Mientras Rikus volvía a sentarse, Neeva dirigió una mirada suspicaz a la herida de su pecho.
—¿Te evita ese rubí la necesidad de dormir?
Rikus se cubrió la llaga con la túnica. Ahora ya no servía de gran cosa ocultar la joya, pero le molestaba que los supersticiosos gladiadores —en especial Neeva— prestaran demasiada atención a la visible piedra refulgente.
—Sigo necesitando dormir —respondió al cabo Rikus—. Pero ahora tengo otras cosas que hacer.
—¿Como preocuparte por Maetan y los urikitas? —preguntó Neeva, sentándose a su lado.
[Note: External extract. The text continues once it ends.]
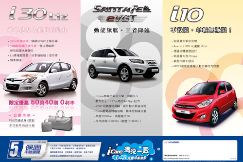 總代理南陽實業表示,提高產品保固是因為對顧客在現代汽車品質上的保證,且為了回饋消費大眾對現代汽車的愛護,也不時推出優惠顧客、體貼顧客的方案。像五月中上市的i30 Liz版,就是專為女性朋友設計的專屬車種。為讓女性朋友不受紫外線侵擾而變成〝黑美人〞,特在原廠便配置了抗UV前擋玻璃,可阻隔紫外線達99%以上,且不會因為須在前擋加貼隔熱紙而形成晚間視線不良的危險冏境。另外在車內還配備了專門對抗過敏源,且具有保持肌膚水嫩彈性的自動除菌負離子產生器。還有專屬的Liz腳踏墊、行李箱地毯、皮布椅以及女性車主最喜歡的倒車雷達。除這些女性專屬配備外,還有限定優惠50萬40期零利率的專案,交車還送多功能時尚旅行組。

—No sé si «preocupación» es la palabra correcta.
—Se le acerca bastante —dijo Neeva, con una forzada sonrisa en los labios. Sacó su daga y empezó a cortar a machetazos las rojas y largas espinas del cacto.
—¿Dónde encontraste eso? —inquirió Rikus.
—Drewet me pidió que te lo diera. Quería que supieras que no la asusta tu reluciente rubí.
—Esa es una buena noticia —dijo Rikus, aliviado—. Al menos una gladiadora todavía confía en mí…, y muy guapa además.
—No tengas ideas raras —advirtió Neeva, golpeando a Rikus en la pierna con la hoja plana del cuchillo. Una mueca burlona apareció en sus labios, y luego añadió—: Me parece que no has cambiado tanto, después de todo.
—¿Yo? —se mofó Rikus, señalando a Neeva—. Tú eres la que ha cambiado. ¡Uno pensaría que ha sucedido algo entre Caelum y tú mientras yo no estaba!
Por la expresión de Neeva, supo que había tocado un tema delicado. La mujer desvió la mirada y cortó los últimos pinchos de la esfera hasta no dejar más que un cascarón recubierto de rastrojos con una piel correosa.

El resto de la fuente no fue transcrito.